Which triggers two thoughts: One is that, as summer approaches, I have fewer pockets, which is good because I’ve heard of people busted for things they forgot they jammed in a pocket when their hands became full.

The other is that Social Security and food stamps distribution is now staggered, and SS is available as a direct deposit. Back in the day, however, you’d see long lines at customer service once a month, with people cashing their checks so they could buy food.

At least in my neighborhoods, back in the day.

Betty (AMS) has been introducing Junior to the game of baseball, which is a dying sport, unfortunately, in part because kids aren’t just running around the neighborhood the way they used to be.

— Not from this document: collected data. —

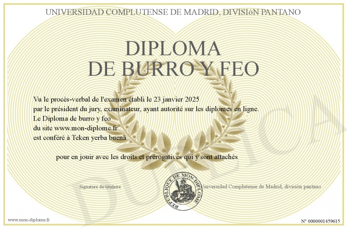 Envoyez par email votre Diploma de burro y feo personalisé
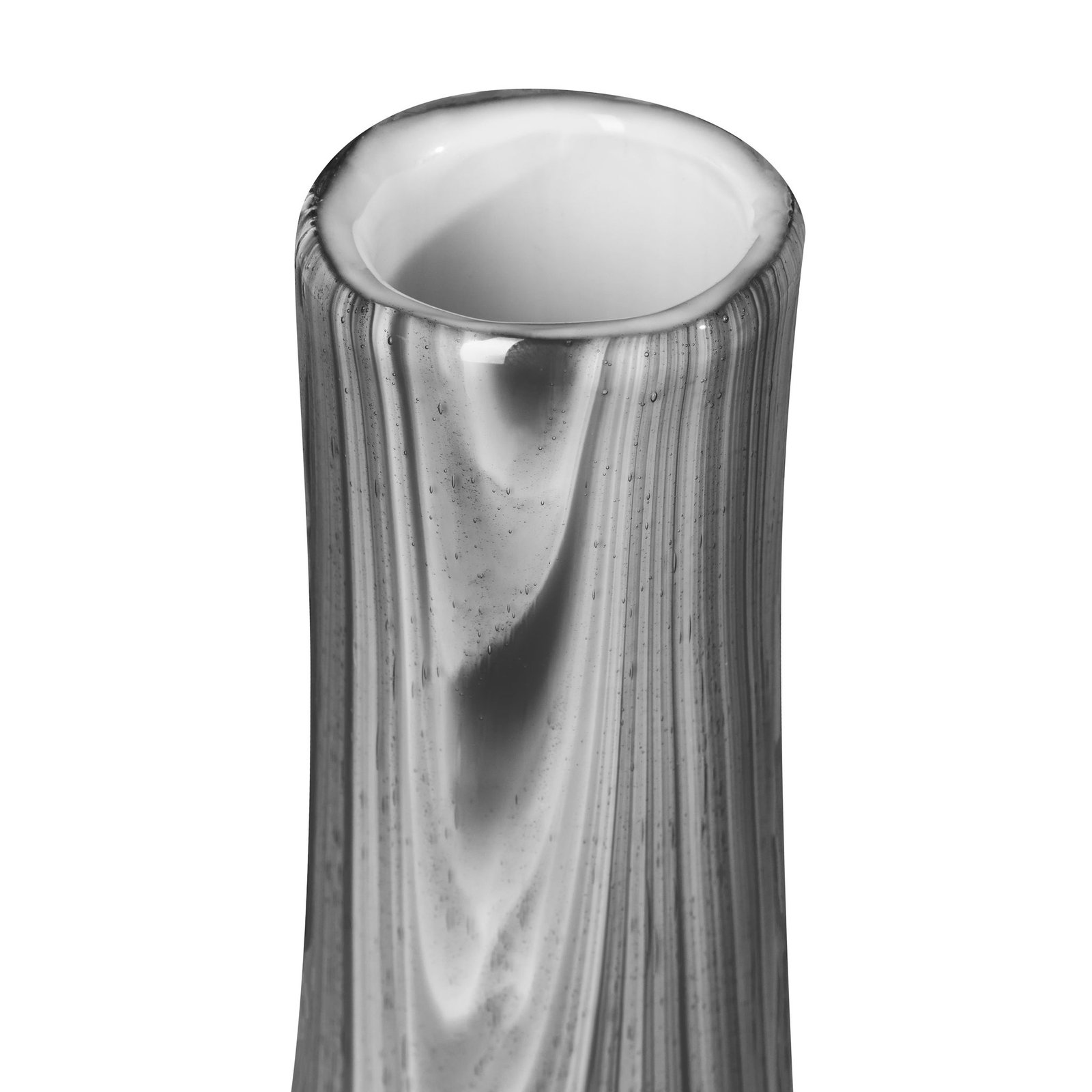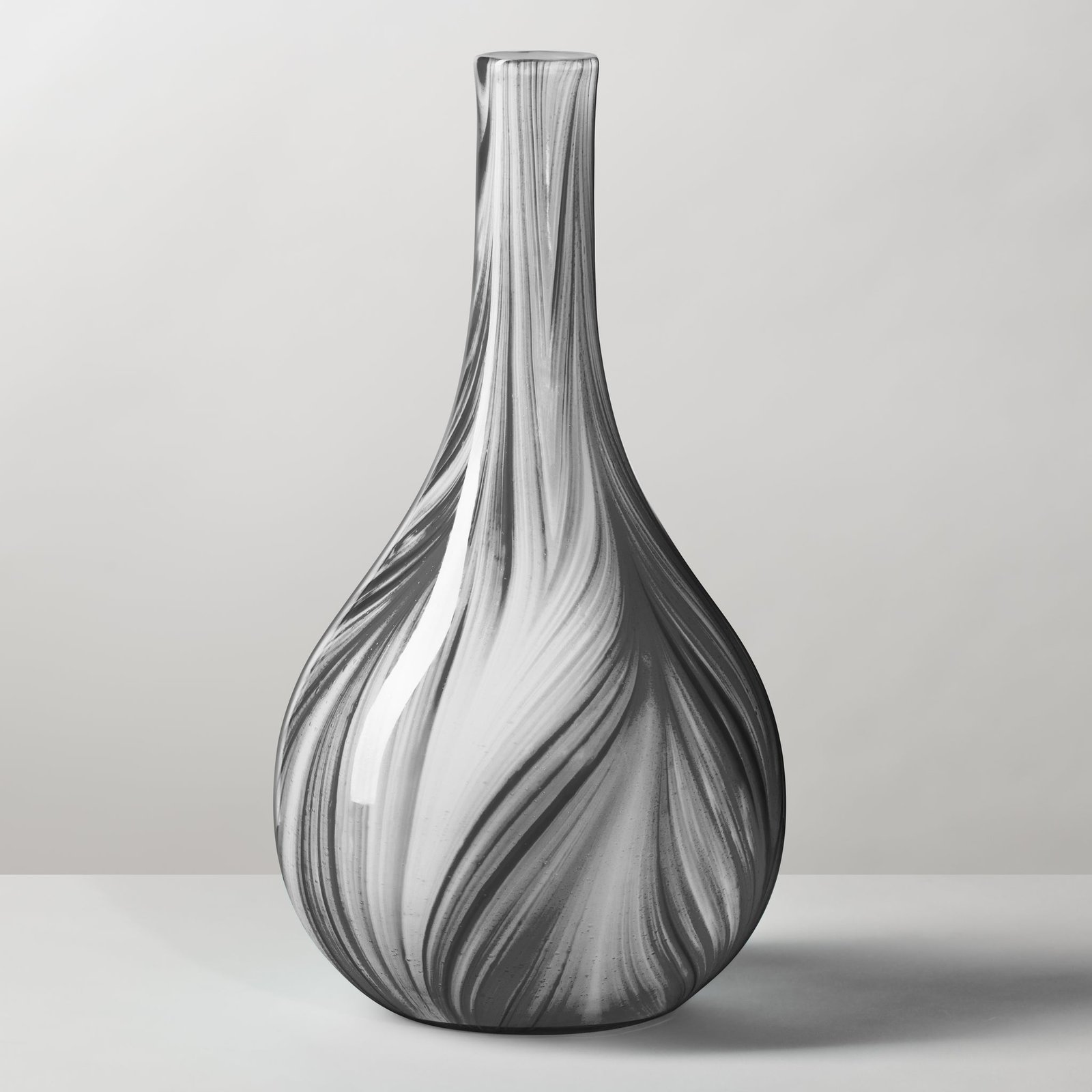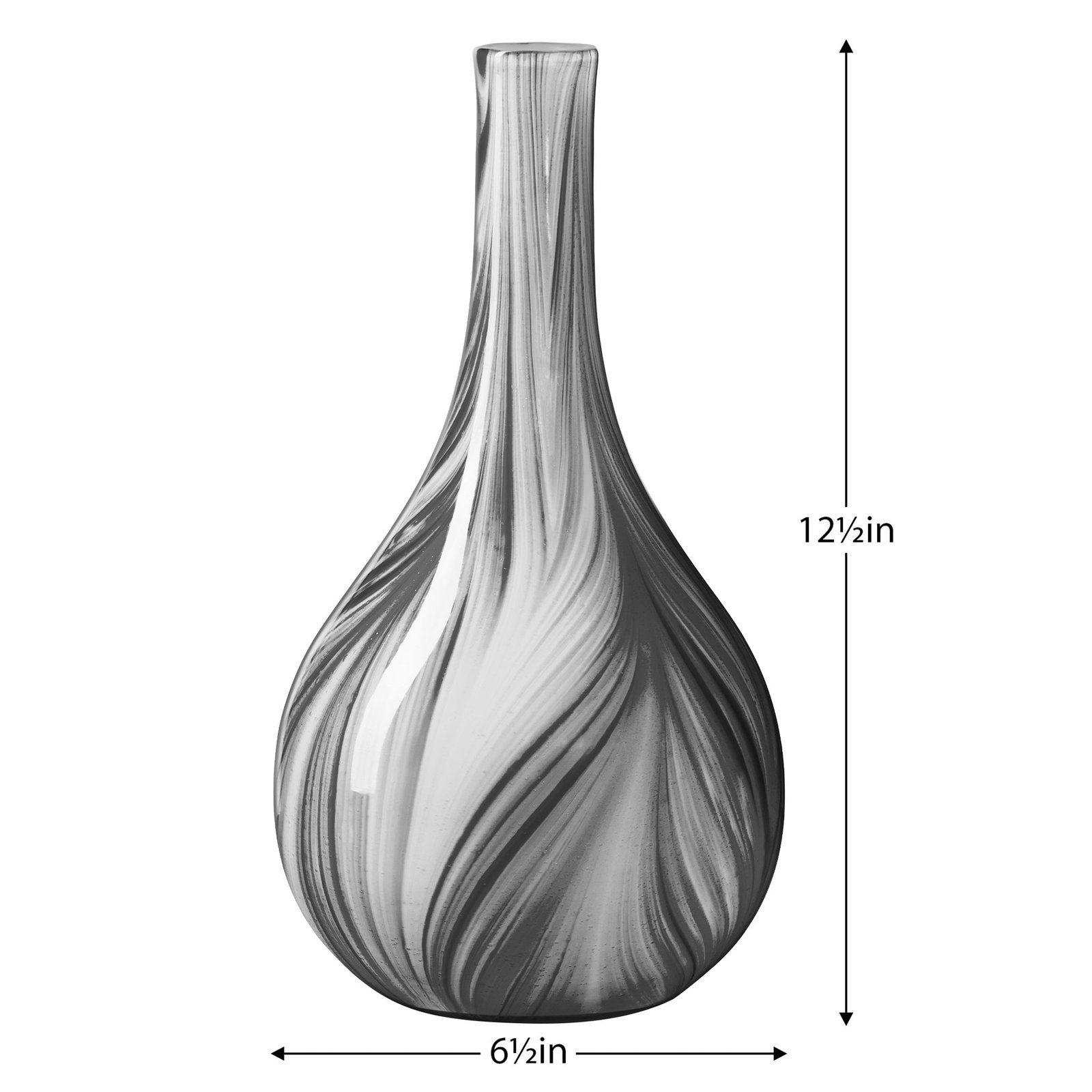 Odessa Feathered Black & White Glass 12.5 Inch Tall Long Neck Bottle Vase
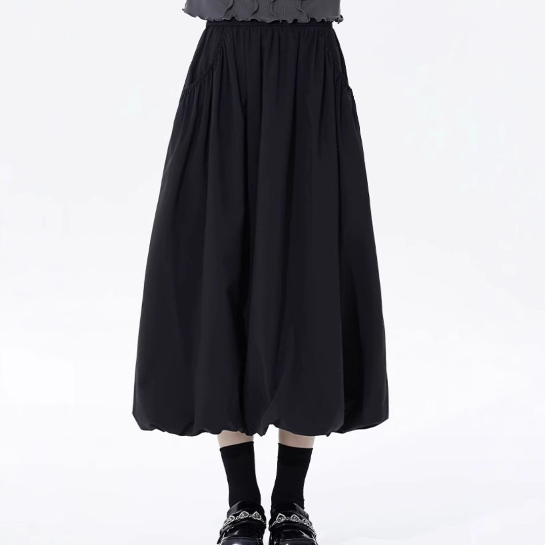 Rok Setengah Badan Rajutan Berkerut Warna Hitam Rok A-Line Orang Kecil Retro Longgar Pinggang Elastis Lembut Terlihat Langsing Model Panjang Musim Semi
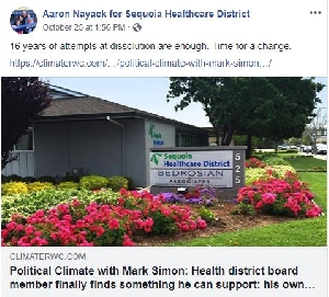 Jack Hickey's principal crime was wanting to shift the work of the Sequoia Hospital District - a district that was specifically established to oversee a hospital that the county no longer owns! - to other elected officials. The district now simply redirects taxes to a bunch of non-profits and charities. That's not a bad thing but we hardly need a bureaucracy to do that.
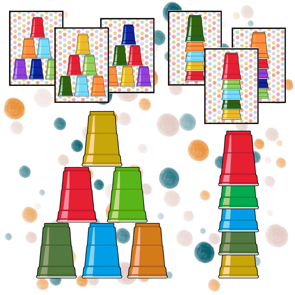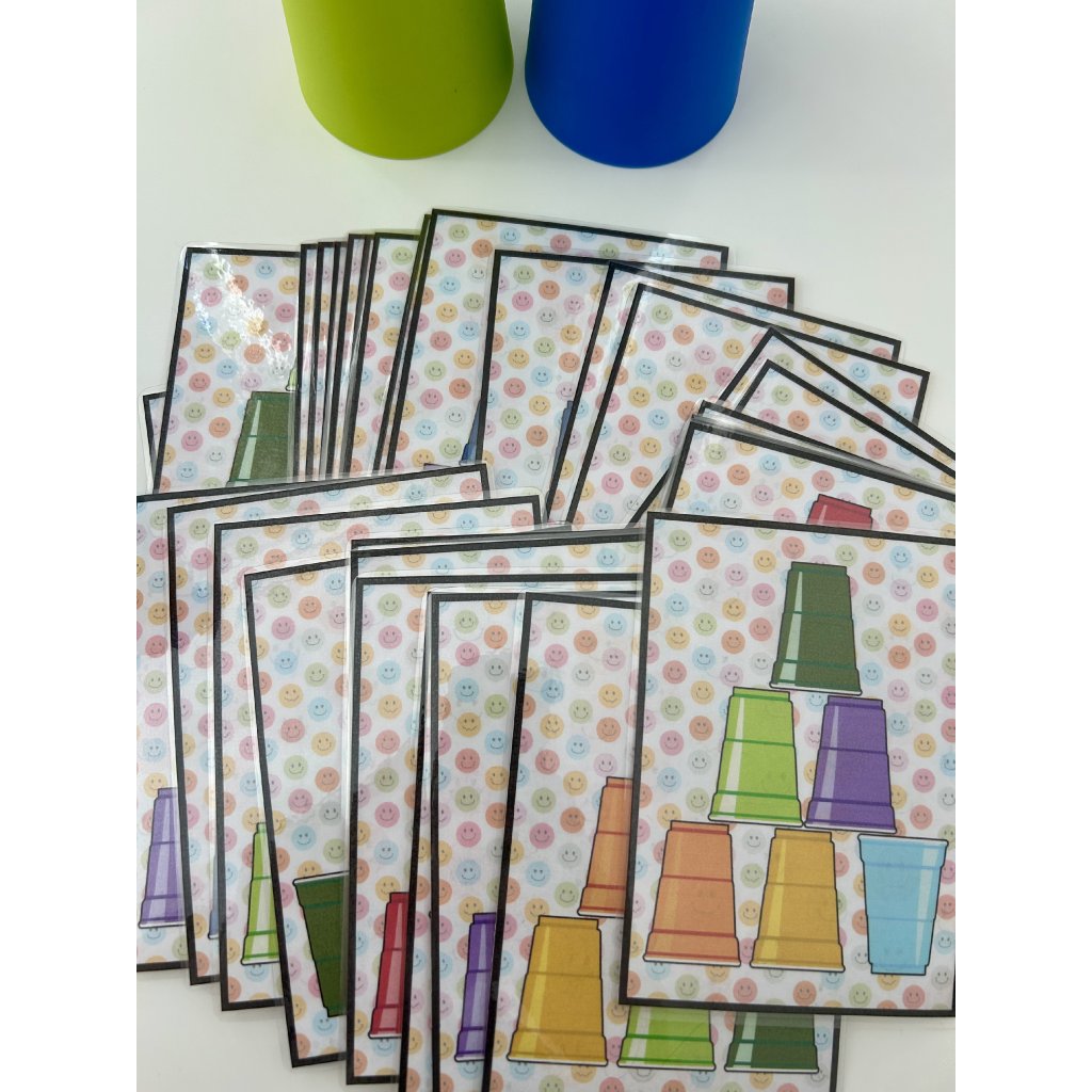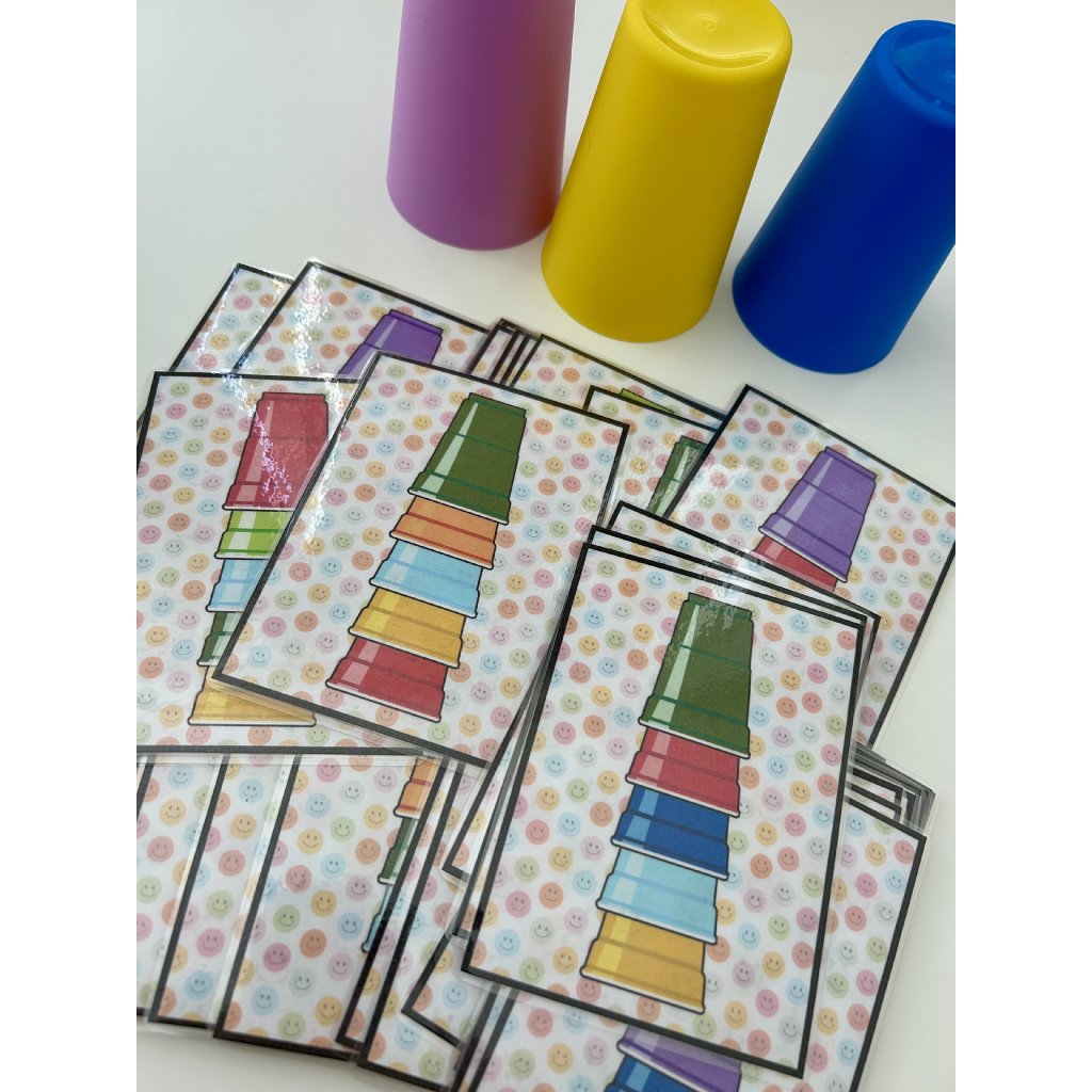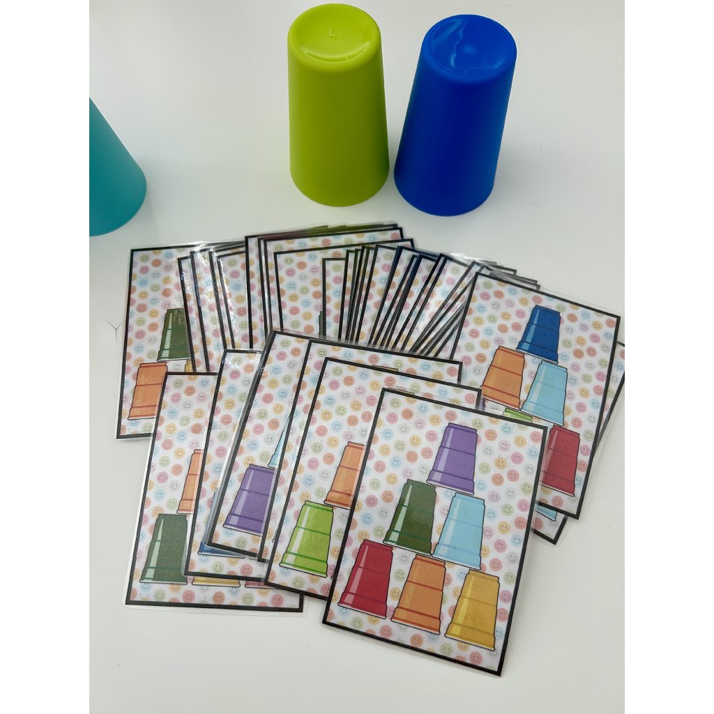 Děti pracují s barevnými kelímky (červená, světle zelená, tmavě zelená, tmavě modrá, fialová, světle modrá, žlutá a oranžová) podle zadaného vzoru na kartičce. Do hry je také zapojen zvonek, kterým děti cinknou, jakmile mají hotovo – kdo je nejrychlejší a má správně, získává bod!
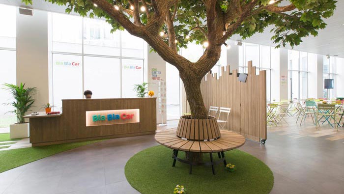 前臺(tái)的設(shè)計(jì):設(shè)計(jì)師以自然——樹(shù)為設(shè)計(jì)的前提,將樹(shù)移植在空間之中,設(shè)計(jì)師的想法就是以綠色來(lái)表現(xiàn)企業(yè)的服務(wù),讓客戶進(jìn)入后感覺(jué)到眼前一亮,但又不會(huì)感到突兀,在樹(shù)根處以一圈圓形地毯、圓形座椅包圍,讓客戶在樹(shù)下休息可以感受到自然的氣息,綠色的地毯在設(shè)計(jì)師的裁剪下形成一個(gè)動(dòng)線的外圍,形成了宛若天成的動(dòng)線起到指引的作用。
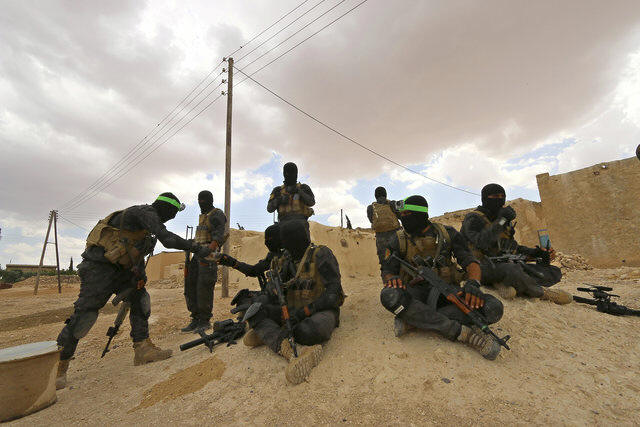 Special forces from the Syria Democratic Forces gather in Haj

You can play catch with a friend, or monkey-in-the-middle with two, but you’ve got to assemble a crew to get anything approaching a decent sandlot ballgame going, even if you allow ghost runners and put a member of the batting team in as catcher. But everybody’s in after-school programs or at violin lessons or told to stay inside and be safe until the adults come home.

However, back when we all ran free, we all played baseball and so Hollywood fed our interest, and I don’t know how many movies Bub planning to list, but I’ll give him “Field of Dreams” and start my own list here.

Feel free to add to it in the comments.

(And not the crappy Disney remake — the real one! This one!)

(And, yes, she’s one of THOSE Corcorans)

13 thoughts on “CSotD: Tuesday’s World of Amusement

  1. Can’t beat Damn Yankees. Not only baseball but “Whatever Lola Wants. Lola Gets”

  2. Most baseball movies do nothing for me, but “A League of Their Own” I’ll watch anytime it’s on just to watch Tom Hanks and “Field of Dreams” for that ending, which tears me up every time.

  3. Even more worth exploring than baseball movies are the wonderful, sometimes transcendent , baseball novels, of which Shoeless Joe and The Natural are only the tip of the iceberg. I’d particularly recommend David Small’s Almost Famous and Nancy Willard’s Things Invisible To See.

  4. Bub probably doesn’t want to watch “Bull Durham” with Junior right now. Possibly not even “Damn Yankees.” “Bad News Bears” might work.

  5. I’ll add Roogies Bump,a story about the mysterious appearance of a bump on a kid’s arm that enabled him to throw a baseball over 100mph.
    As for the sport in general, my city of 100,000 had 300 adult softball teams back in the 70’s. The city no longer offers any leagues at all. A couple dozen teams play in private Moose Lodge leagues with many of the players on more than one team on different nights. In the 80’s and 90’s I lived near a baseball field at the end of my street and never once saw kids playing there. Contrast that to the makeshift “sandlot” fields every vacant lot turned into during the 50’s and 60’s. Is Robert Putnam’s “Bowling Alone” at play?

  6. I echo the Damn Yankees support.

    As a native and continuing resident of our National Capital area, I love that play and movie as it takes place in Washington DC (with the late lamented Senators as the setting) and has nothing to do with politics or government!

    The protagonist lives in Chevy Chase! Real people, with nothing to do with the government have always lived and worked in the DC area.

    It as if every story about Vermont was about maple syrup. You might enjoy a story about Ben and Jerry now and then.

  7. “Bang the Drum Slowly” is based on one of a trilogy of stories (by Mark Harris) by Henry “Author” Wiggins. If you learned to love baseball “back then” they are worth finding for a read.

    “Rhubarb” is an entirely different take on a baseball movie.

    1. My mom was a high school classmate of Mark Harris. When he died, they scattered his ashes on the ball field where they used to play sandlot baseball. I met him once when we went to San Francisco. I was nine. My memory of the meeting is that his basset hound sidled up to the coffee table and enjoyed a Manhattan. Good author, good dog.

  8. Ultimately, Steve Martin’s ‘My Blue Heaven’ – the only movie of his I like – becomes about baseball. Also stars Rick Moranis and Joan Cusack.

  9. My grandfather served as technical advisor on The Winning Team. He played pro for many years. Sadly, I inherited none of his talent.